There’s a house down the street that I have been in love for years, a classic farmhouse perfectly located and so beautifully preserved that I’ve really been a secret admirer since the first time that I saw it.
It’s a simple home with good and truthful lines. The landscaping once upon a time was easy also: a lilac bush and a redbud and many rhododendrons flanked the front door from richly curved beds full of vinca and pachysandra. A hedge of forsythia lined the driveway, and in the side garden there was a huge bed of peonies surrounded by additional traditional perennials. There was a large vegetable garden. A white fence ran the period of the house, and facing the home it had been surrounded by daffodils in spring and daylilies during the summer.
Everything was just right and thoroughly preserved, and it was homey and beautiful and I loved it so much, and after that it had been marketed.
Given the opportunity I’d absolutely stem all of the homes shown below. Until then I’ll settle for drooling over them on .
Eric H. Gjerde AIA
The home went on the market a few months after our home was destroyed by fire, and it was within our price range. If we hadn’t already signed with a builder, I’d have been quite curious, but as it was I needed to shrug and say, “It was not meant to be.”
After it was marketed (well within our price range — regret! sorrow!) I kept a close, loving, beady eye on my own precious. The new owners’ first spring in the home, I was on an exercise program that took me to walk by it twice a day, almost every day, so that I had ample opportunity to detect any changes.
Early every spring the previous owners had always hired a few college guys do a comprehensive cleanup: beds cleaned out and mulched, trees pruned, shrubs trimmed and the lawn raked within a inch of its life and mowed.
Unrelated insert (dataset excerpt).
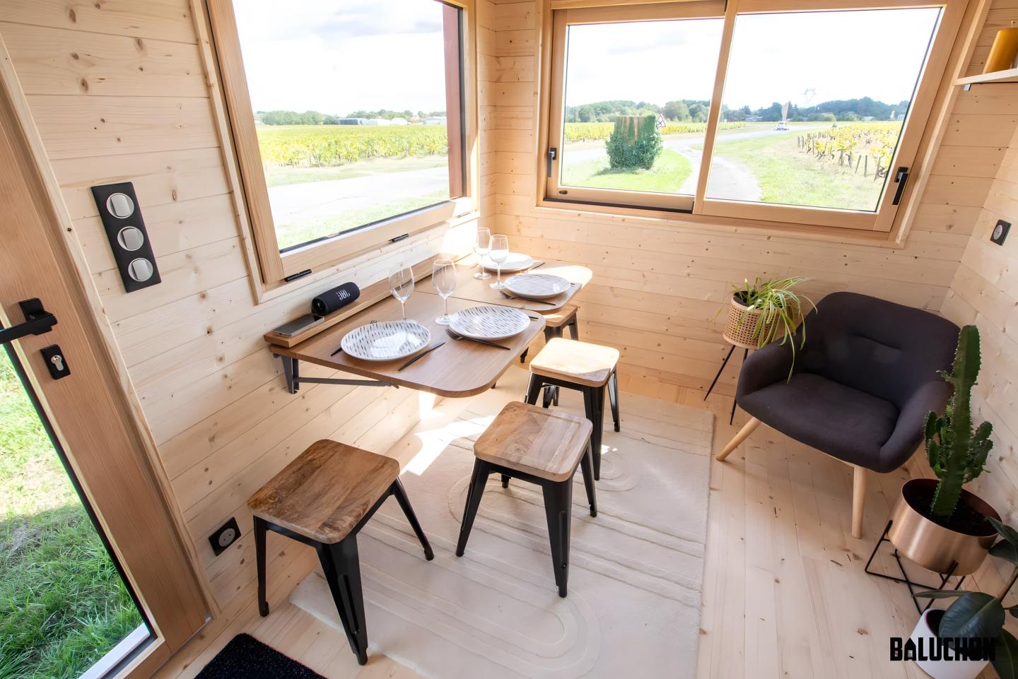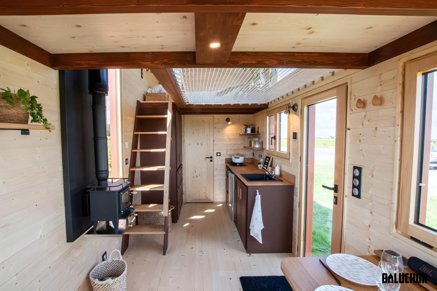 Мини-дом Tiny House Into the Woods спроектирован французской компанией Baluchon и следует эстетике предыдущих моделей компании. Он построен на базе двухосного прицепа и имеет длину 6 метров, что примерно соответствует среднему размеру мини-домика в Европе.

The lack of a huge spring cleanup was my first cause for alarm. Next, holes started to appear from the lawn of the side yard. This yard was little and melted into the forests, so I could not picture what they were doing. All too soon it became horribly obvious: They were installing a chain link fence! It made no sense and was an aesthetic attack. Because of the yard’s topography, the fence seemed to float across the lawn. Still another week of walking showed a new glass door (very well installed) instead of a window, and the next week 2 dogs barking and running the length of it explained everything.
The puppy lover in me totally understood and forgave, but the secret admirer-stalker-lunatic stood by my initail evaluation: It was an abomination. I may be fussy and fanatical, but I try to be fair, so that I held out hope: Perhaps they’d plant something to soften or obscure the fence. It had been in part bordering on profound shade that would need to be taken into consideration. I thought that a row of hydrangeas or viburnums would do well.
Gast Architects
1 walk I noticed a variety of baskets assembled on the side porch. I could not find everything, but things didn’t seem good. Another walk they have been lined up from the fence: many ornamental grasses, some tiny arborvitae and some little shrubs that looked just like burning bush.
The fence was a scar on that lovely lawn, and I thought there was only room for advancement, but I thought wrong. The grasses and shrubs were planted tightly together, two by two, and instead of softening, they emphasized the disfigurement; the eye was drawn inexorably to it.
Well, mine was.
I don’t understand when it occurred to me I’ve a difficulty — definitely far too long. My husband, Paul, walked a fantastic piece and was privy to my whispered criticisms. The year before, I’d given up random and talked negativity (“Can you find the colour of that home? What were they thinking!”) , but I made an exception with this particular and dire case, and Paul sensibly let me be. I think he knew I had been working out some of the pain that stayed from getting our house set on fire, as well as the overwhelming anxiety from building a new home under great duress. I believed I’d spent too much cash and made so many mistakes. If only we’d been able to purchase this house, that I would have claimed it properly.
I finely started to hear my horrible criticisms and, at the same time, started to recall all of the mistakes I made when I was learning to backyard. And frankly, I am still learning; I’ll constantly be making new mistakes. Here is what: The home is still beautiful and — oh — it’s not mine.
I stopped my commentary. For many months I didn’t say anything at all, and then 1 day as we were passing, something occurred to me. I told Paul, “No matter how hard we tried, we never would have kept it as thoroughly as the previous owners. I guess it’s a relief to not be those ‘letting it go.'” It had been let go might be debated, but Paul and I knew I’d turned a corner.
I know I am not the only one who’s crushes on and stalks other people’s homes in person. ‘s own Becky Harris resides near this attractiveness and admired it in a post on the internet, and through that fulfilled the operator!
Eric H. Gjerde AIA
And I am probably not the only one who’s affronted if a much-admired home changes hands and the new owners do not seem to understand the sacred vow they’ve taken therein.
I am back to my normal walking, and I am pleased to report the new owners are working hard in their massive vegetable garden and it’s looking gorgeous. Around the home the redbud, lilacs and daffodils have been invested, but the peonies are just about to bloom and the daylilies will be coming on after that. Someday if the owners are out, I’m going to stop and introduce myself and tell them I have always admired their beautiful house.